Dschang: le fantôme de l'enseignant Tchakounté assassiné, fait des ravages
Le Cameroun a célébré mardi 11 février la 54e édition de la Fête de la Jeunesse sous le thème «Jeunesse, Paix, Décentralisation et participation à la gouvernance locale pour un Cameroun nouveau».

A Dschang, chef-lieu du département de la Menoua, les enfants de la maternelle, des écoles primaires, du secondaires, leurs ainés des universités et des organisations de la société civile ont battu le pavé à la Place des Fêtes. Les torses bombés, scandant des messages de mobilisation pour la patrie.

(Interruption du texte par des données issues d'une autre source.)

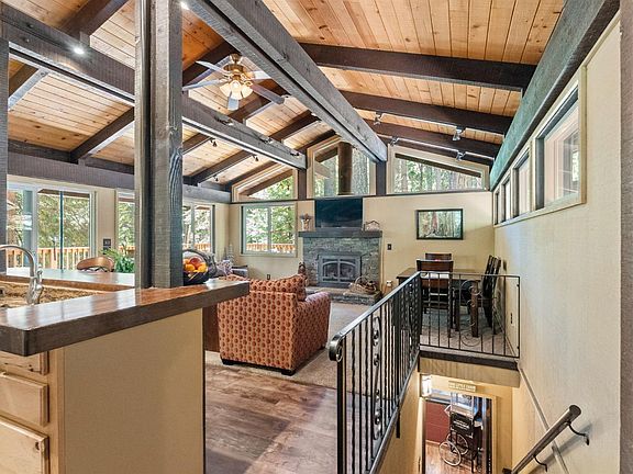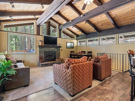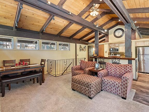 Beautifully updated cabin with open concept living space. The kitchen has granite counters and hickory cabinets along with newer appliances. Enjoy cozy nights in front of the 2 year old fireplace and appreciate the amazing open beam ceilings and new double paned windows all around the room. Then step out onto the beautiful deck and revel in the peaceful forest surrounding this lovely cabin. Downstairs you will find a second tastefully updated bathroom, laundry and finished space for a game room, living room or more beds. This charming and ready to move into cabin will not disappoint. The owners have taken immaculate care and it shows.

Le CENAJES de Dschang lors de son passage devant la tribune officielle


Dans la tribune officielle le préfet de la Menoua entouré du sous-préfet de Dschang, du maire, du sénateur, du président des tribunaux et du procureur de la république.
L’un des moments forts de cette célébration est cette minute de silence en la mémoire du jeune enseignant de mathématique poignardé à mort en plein cours par son élève de la classe de 4e au lycée classique de Nkolbisson à Yaoundé.

« L’encre rouge de l’enseignant est devenu le sang de Njomi Tchakounté. » Ce propos du Dr Jean Claude Tchouankap, un historien à la réputation établi et consultant pour la parade du 11 février 2020 à Dschang ont détoné.

Il invite la société de tirer les leçons de l’assassinat du jeune Njomi Tchakounté Boris Kevin. Cela permettrait de redresser la société dont la principale caractéristique est l’immoralité.

Une situation déplorée par le premier des Camerounais. En effet, le président de la République, Paul Biya, dans son discours à la jeunesse, a dénoncé ce crime et condamné « la consommation des drogues et de l’alcool » par la jeunesse camerounaise. Une attitude de la tribune officielle pendant la grande parade du 11 février à Dschang


Cette situation doit amener les uns et les autres, le gouvernement en priorité, à se remettre en cause. Il devra prendre des mesures pour lutter contre ces « dérives de nos sociétés modernes » qui sont un peu la conséquence des politiques assises sur la médiocratie, le laxisme et l’impunité.
Pour rappel, la Fête de la Jeunesse célébrée pour la toute première fois le vendredi 11 février 1966 est inspirée du « Youth Day ». Il s’agissait d’une fête dans la partie britannique du Territoire en hommage à la Jeunesse de la couronne britannique.

Une association des jeunes venus de Fondonera pendant sa démonstration.